YOUR INSTRUCTIONS: With pictures removed, the data below should be returned exactly.

COLLECTED MATERIAL:
=======

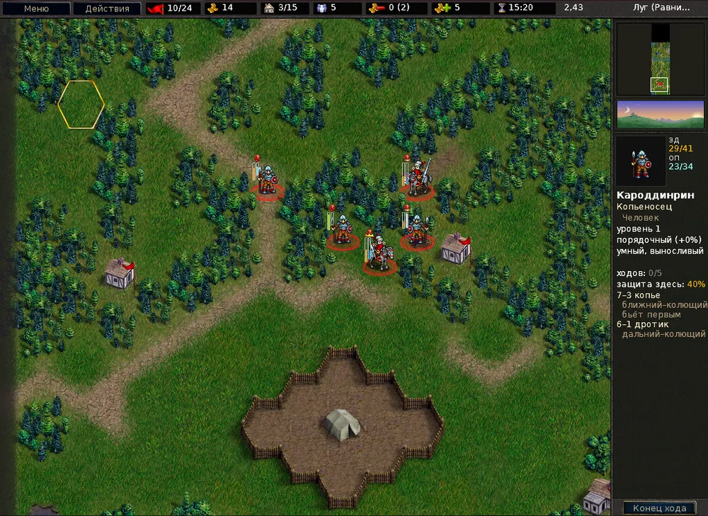Итак, мы начинаем игру Арвитом (рыцарь, 2 уровень) и десятком солдат. Особенно радует то, что основные атаки наших бравых вояк - колющие, на которые нежити глубоко начхать. Тупой атакой в лоб ничего не свершить.
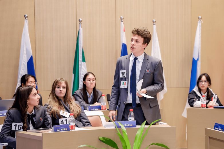 “国际合作”成为贯穿全场的共识。意大利、俄罗斯、哈萨克斯坦等“代表”强调技术共享与跨国协作是应对挑战的关键。美国、德国、泰国等代表,也从现实角度探讨了方案落地时可能面临的具体障碍。上半场如同一段深刻的认知旅程,让各国学生们切实领略到全球治理的复杂性、利益的多元性与共识的珍贵。
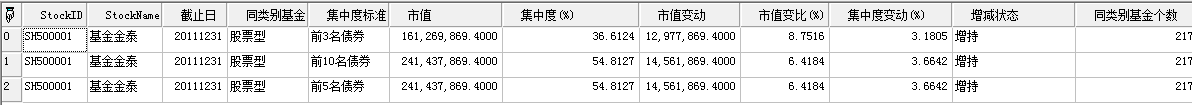 | 返回 | Array | 数据表,返回指定基金指定报告期的基金扩展-持债集中度 |
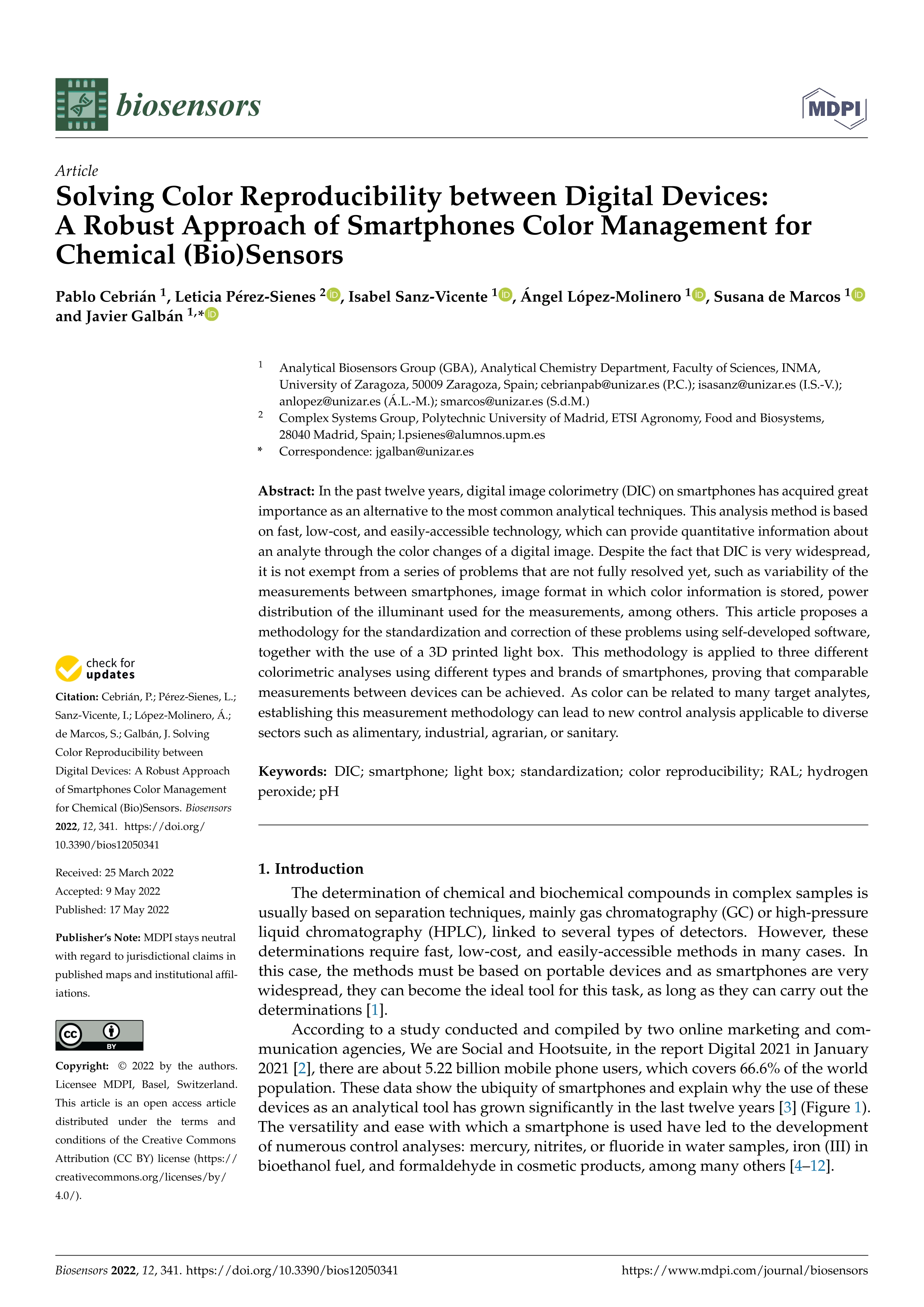 | Página principal > Artículos > Solving Color Reproducibility between Digital Devices: A Robust Approach of Smartphones Color Management for Chemical (Bio)Sensors |

=======

RESULT OF THE EXERCISE:
Итак, мы начинаем игру Арвитом (рыцарь, 2 уровень) и десятком солдат. Особенно радует то, что основные атаки наших бравых вояк - колющие, на которые нежити глубоко начхать. Тупой атакой в лоб ничего не свершить.
 “国际合作”成为贯穿全场的共识。意大利、俄罗斯、哈萨克斯坦等“代表”强调技术共享与跨国协作是应对挑战的关键。美国、德国、泰国等代表,也从现实角度探讨了方案落地时可能面临的具体障碍。上半场如同一段深刻的认知旅程,让各国学生们切实领略到全球治理的复杂性、利益的多元性与共识的珍贵。
 | 返回 | Array | 数据表,返回指定基金指定报告期的基金扩展-持债集中度 |
 | Página principal > Artículos > Solving Color Reproducibility between Digital Devices: A Robust Approach of Smartphones Color Management for Chemical (Bio)Sensors |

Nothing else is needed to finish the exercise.